One of the measures taken to cope with these more complex peacekeeping challenges was a large scale realignment of DPKO and the establishment of DFS. Although the two departments still have significant vacancies to fill, including among the top management, a smooth and swift transition to the new configuration is imperative in order to achieve the goals of the realignment. These two departments were restructured and newly created, respectively, in order to respond effectively to the recent expansion of UN peacekeeping operations. We will continue to monitor closely the operations of these two departments to examine whether that rationale is borne out.
This year we have learned that a new structure and capacity for the Office of Military Affairs are soon to be proposed. My delegation will listen carefully to the rationale of the proposal and consider from a constructive perspective the most appropriate posture of the OMA within the context of the total DPKO and DFS structure.

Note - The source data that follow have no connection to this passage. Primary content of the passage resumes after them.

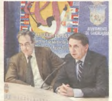
Presentación evento.
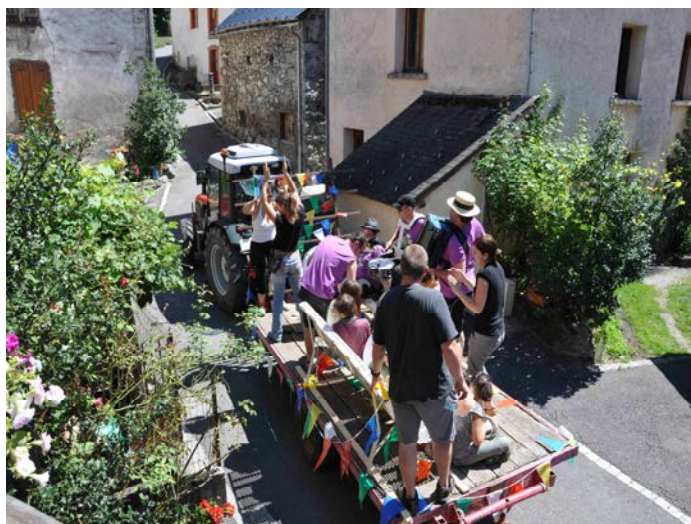
Fête du village
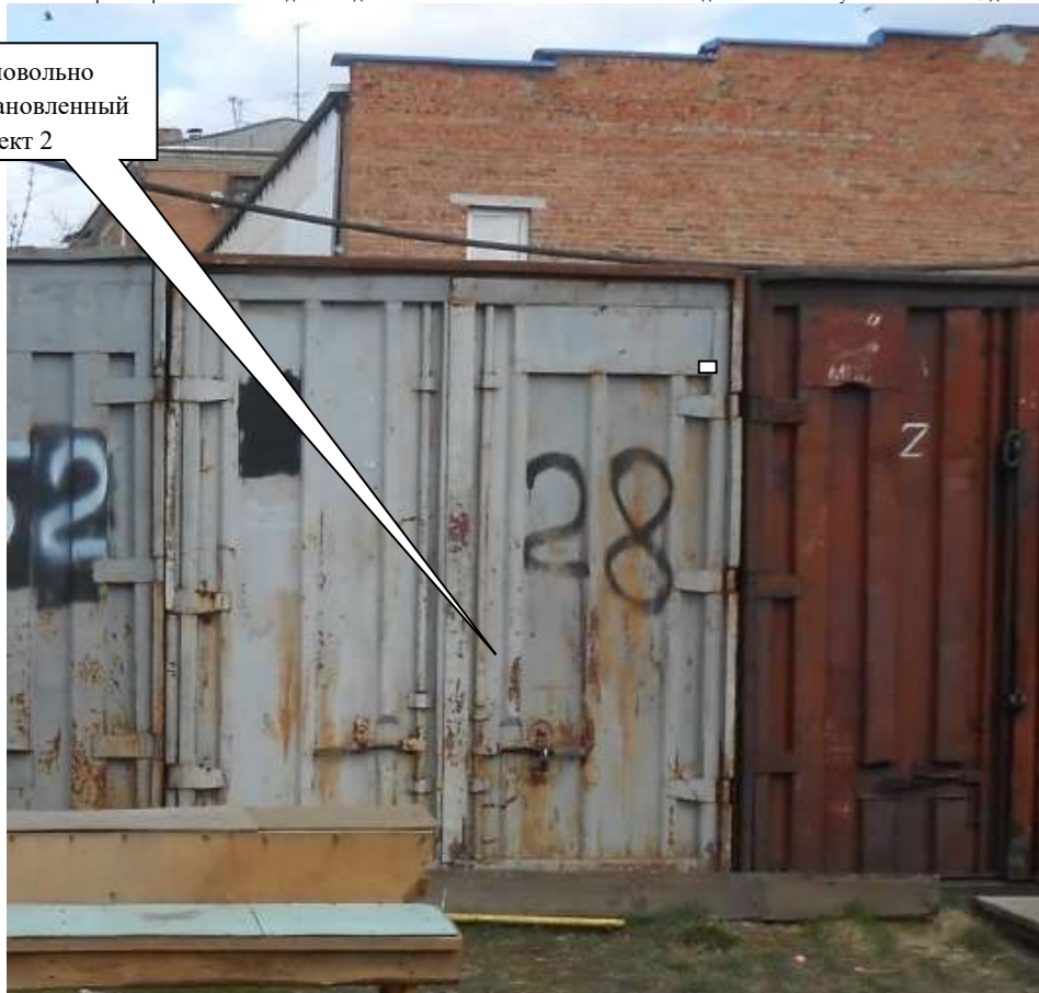
Самовольно установленный объект 2

Комиссия приняла решение о необходимости демонтажа некапитального объекта и освобождении земельного участка в течение 7 дней со дня опубликования.
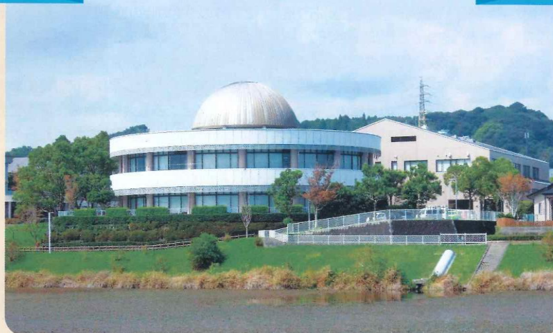
宮崎市立図書館 東側から
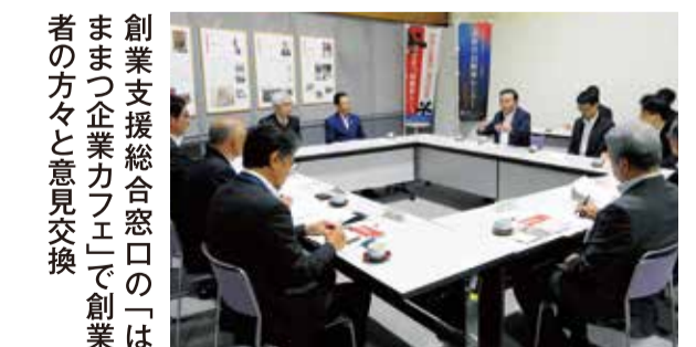
創業支援総合窓口の「はままつ企業カフェ」で創業者の方々と意見交換

Difficult situations surrounding UN operations pose serious challenges for the safety and security of each mission. Last week, we witnessed with great sorrow another tragic accident in Nepal. Security measures to address threats to the operations cannot be over-emphasized, and the safety aspects are no less important. The safety standards for utilizing commercial contracted aviation for UN operations should be carefully reviewed.
UN peacekeeping also faces a challenge in securing qualified staff to support missions of various kinds. We would like to emphasize our commitment to instilling in our personnel the highest level of skill, morale and discipline before deployment of troops to UN operations. Japan also supports UN peacekeeping operations by training civilian personnel who are prepared to work in field missions. Last year we launched a program to train "peacebuilders" in Asia. The program, entitled "Pilot Program for Human Resource Development in Asia for Peacebuilding", commenced last September in Hiroshima, with diverse participants from Japan and other countries in Asia. We hope the talented young and enthusiastic people who complete this program will soon be contributing to UN peacekeeping missions.

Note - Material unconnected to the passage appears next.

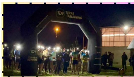
Le trail nocturne du téléthon
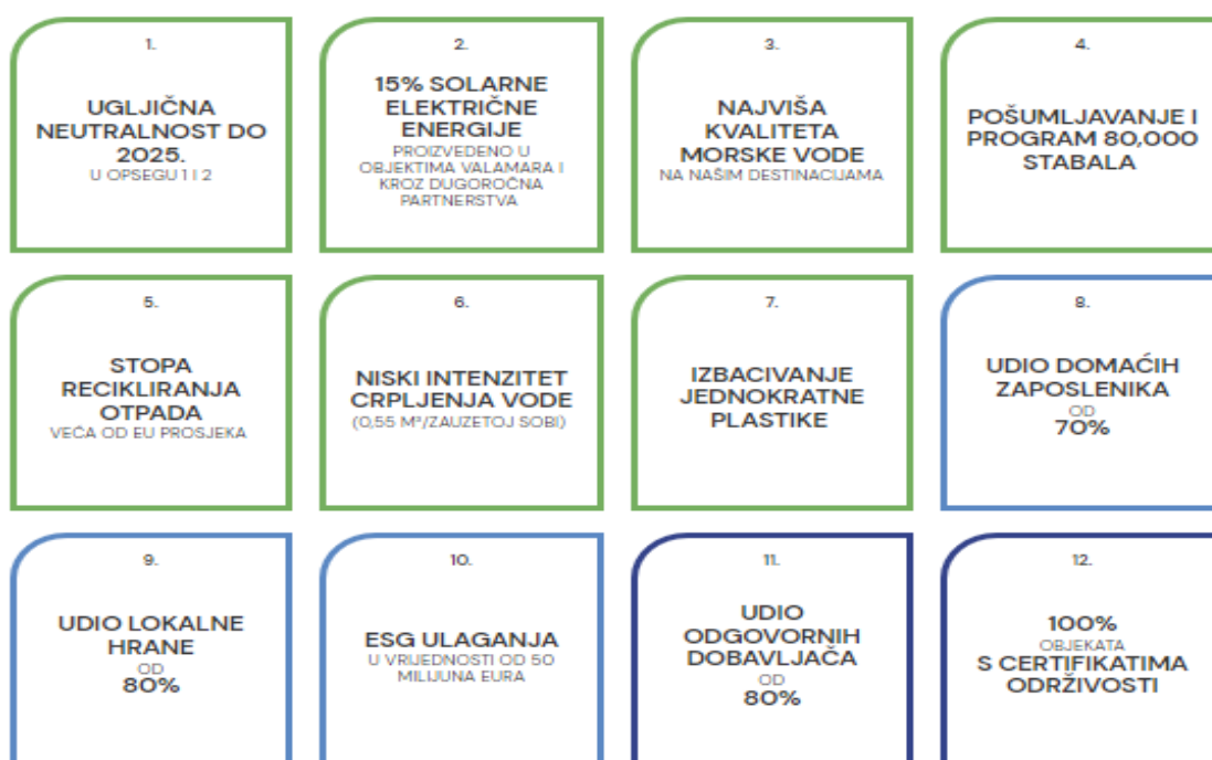
Slika 2 12 ciljeva održivosti Valamar Riviere do 2025. godine

kljente, ali i svoju ekonomsku stabilnost. Naime, ova je tvrtka 2021. godine objavila strategiju održivosti te sveukupno 12 ključnih ciljeva održivog poslovanja koji se planiraju ostvariti do 2025. godine. Ciljevi uključuju dostizanje ugljične neutralnosti, uštedu električne energije, odnosno proizvodnju 15% solarne energije, zaštitu mora, pošumljavanje stotina hektara u svojim destinacijama, zapošljavanje i zadržavanje domaćih radnika, baziranje 80% sveukupne nabave od odgovornih dobavljača te postizanje certifikata održivosti svih svojih objekata.

Let me also take this opportunity to reiterate Japan's position on the issue of recruitment of civilian staff members for peacekeeping missions and for headquarters. I wish to express our concern over the as yet uncorrected imbalance in geographical representation and to reiterate the need to improve representation in future recruitment.
For the successful completion of UN peacekeeping missions, host nations need to acquire the capability to sustain peace and avoid a reversion to the chaos of the post-conflict period. In this context, the importance of security sector reform (SSR) to rebuild reliable security institutions and capacities, while a peacekeeping mission temporarily maintains public security, should be recognized adequately. The United Nations currently retains useful expertise in various UN organs to support the SSR process when so requested by States. It is necessary to formulate integrated and coherent guidelines and policies on the UN support for SSR in order to maximize the use of these existing capacities.
DPKO recently published "United Nations Peacekeeping Operations: Principles and Guidelines", also known as the Capstone Doctrine. We commend the efforts by DPKO to formulate this long-needed practical document for reference in the field. We anticipate that this doctrine will greatly enhance the initial planning and training for newly created missions and will also benefit existing operations. We appreciate the fruitful dialogue between the Member States and the Secretariat in the process of formulating the document. Although this document is an internal publication and should be subject to periodic review, it will provide the Member States with a good reference to study and review UN peacekeeping operations.
Before closing, I would like to reiterate the importance of meaningful interaction between troop-contributing countries and other stakeholders and the Security Council. The Security Council Working Group on Peacekeeping Operations is one of the appropriate fora for this purpose. Japan strongly believes that it is necessary for the Security Council to continue its efforts to strengthen interaction with stakeholders when it makes decisions on peacekeeping. As one of the major stakeholders in UN peacekeeping, Japan is ready and able to contribute to the discussion in the Working Group. I would like to encourage all Member States including those outside the Security Council to make efforts to implement this recommendation,
I thank you, Mr. Chairman.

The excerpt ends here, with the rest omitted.